◆ **Action item**
Transcribe nothing except the lines below that run from the one with "针对钉钉、、企微、、、IDa" to the one with "MAXFE.CO Huawei P8", ends included, and do not copy any picture.

BEGIN Given data

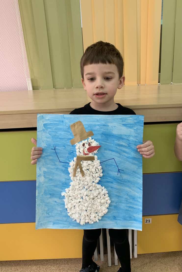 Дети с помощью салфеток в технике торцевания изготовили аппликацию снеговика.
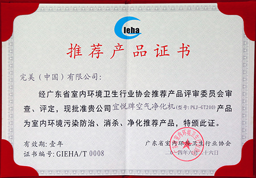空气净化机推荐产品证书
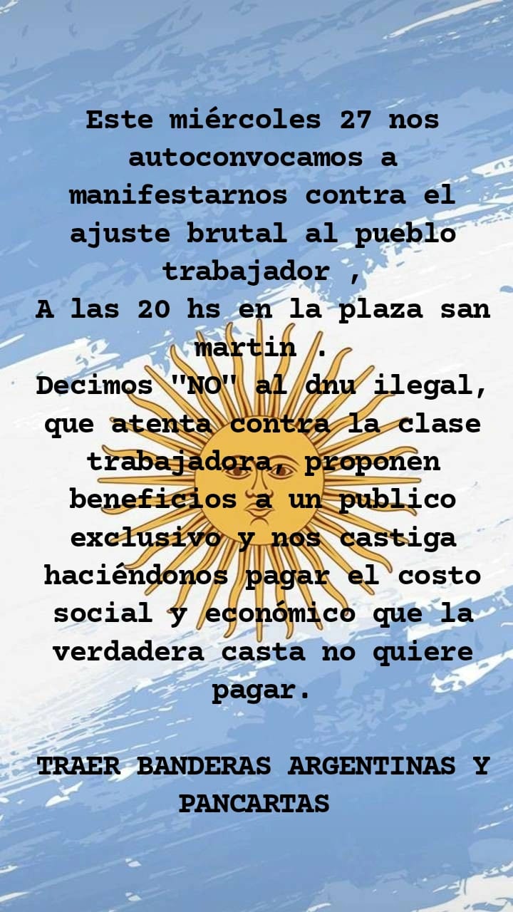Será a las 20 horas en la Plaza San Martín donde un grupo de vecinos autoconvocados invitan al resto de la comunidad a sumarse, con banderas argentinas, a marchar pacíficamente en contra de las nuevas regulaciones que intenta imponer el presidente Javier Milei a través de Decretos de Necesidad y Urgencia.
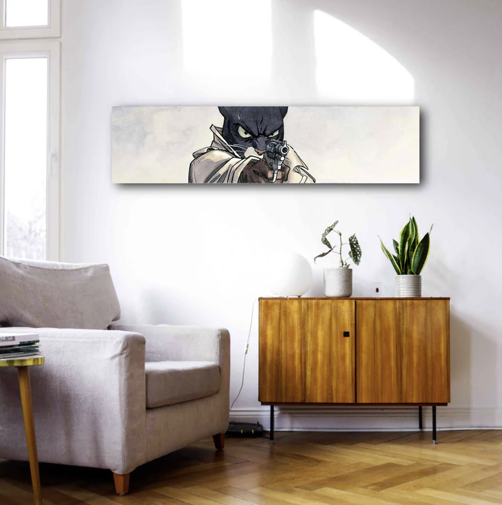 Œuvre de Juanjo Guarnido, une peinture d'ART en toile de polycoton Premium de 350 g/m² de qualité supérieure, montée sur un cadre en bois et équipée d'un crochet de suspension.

END Given data
BEGIN Given data

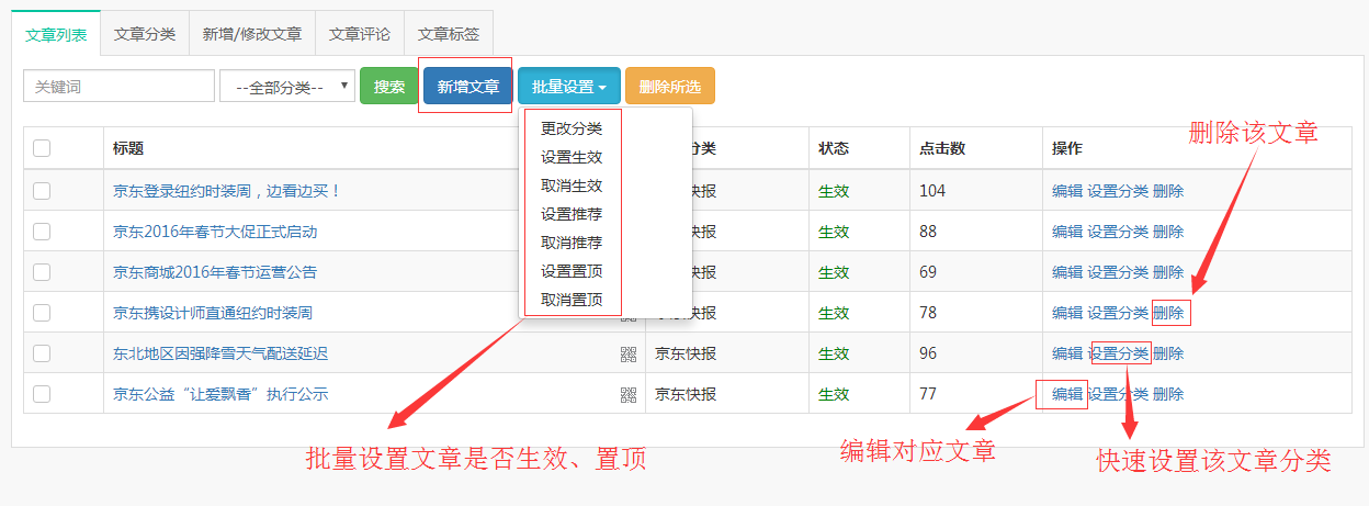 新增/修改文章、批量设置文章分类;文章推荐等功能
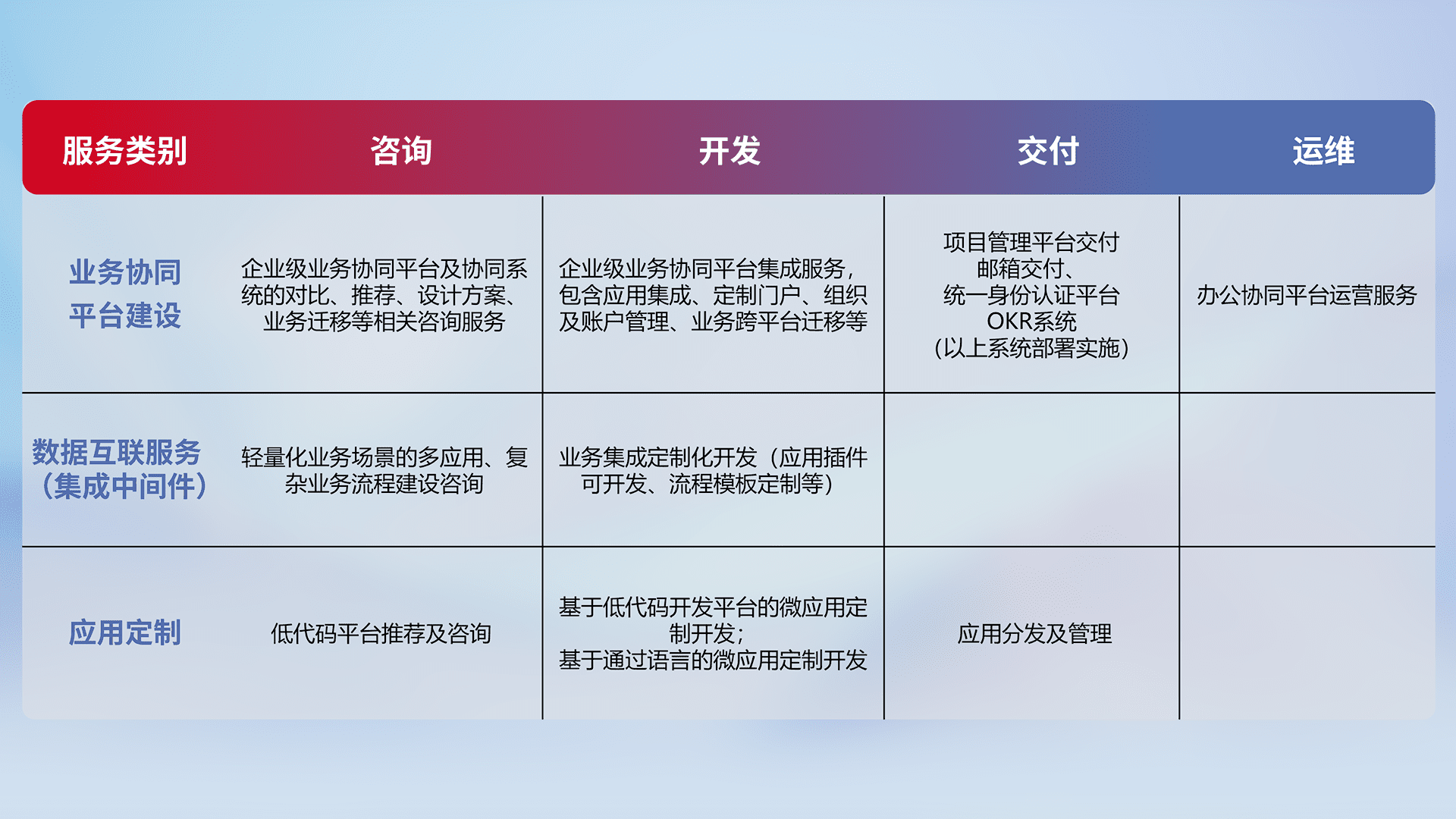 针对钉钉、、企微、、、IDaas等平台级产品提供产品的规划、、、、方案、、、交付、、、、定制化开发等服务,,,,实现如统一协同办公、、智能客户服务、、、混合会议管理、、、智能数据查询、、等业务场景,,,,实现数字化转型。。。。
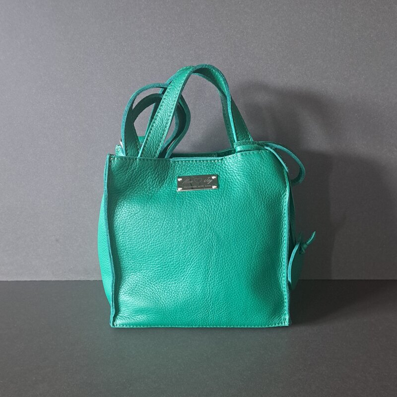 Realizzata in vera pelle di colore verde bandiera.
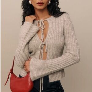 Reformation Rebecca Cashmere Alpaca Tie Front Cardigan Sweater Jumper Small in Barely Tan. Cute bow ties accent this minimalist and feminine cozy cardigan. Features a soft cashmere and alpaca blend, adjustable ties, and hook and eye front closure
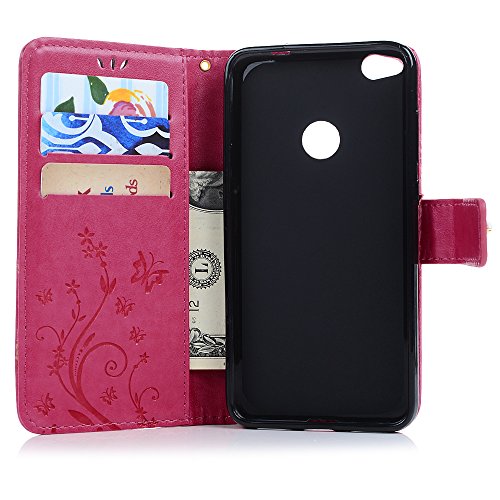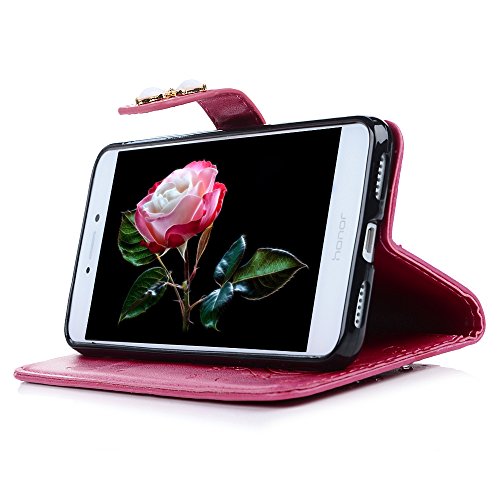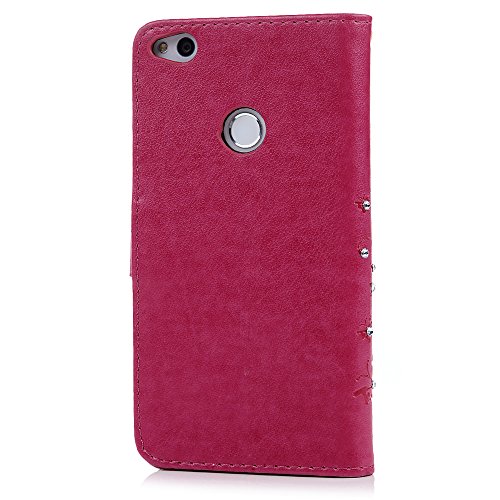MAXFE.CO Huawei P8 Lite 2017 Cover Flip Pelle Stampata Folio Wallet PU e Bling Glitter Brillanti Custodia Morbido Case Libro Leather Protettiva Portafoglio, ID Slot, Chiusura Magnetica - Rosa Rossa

END Given data

◆ **Output for this exercise**
 针对钉钉、、企微、、、IDaas等平台级产品提供产品的规划、、、、方案、、、交付、、、、定制化开发等服务,,,,实现如统一协同办公、、智能客户服务、、、混合会议管理、、、智能数据查询、、等业务场景,,,,实现数字化转型。。。。
 Realizzata in vera pelle di colore verde bandiera.
 Reformation Rebecca Cashmere Alpaca Tie Front Cardigan Sweater Jumper Small in Barely Tan. Cute bow ties accent this minimalist and feminine cozy cardigan. Features a soft cashmere and alpaca blend, adjustable ties, and hook and eye front closure
MAXFE.CO Huawei P8 Lite 2017 Cover Flip Pelle Stampata Folio Wallet PU e Bling Glitter Brillanti Custodia Morbido Case Libro Leather Protettiva Portafoglio, ID Slot, Chiusura Magnetica - Rosa Rossa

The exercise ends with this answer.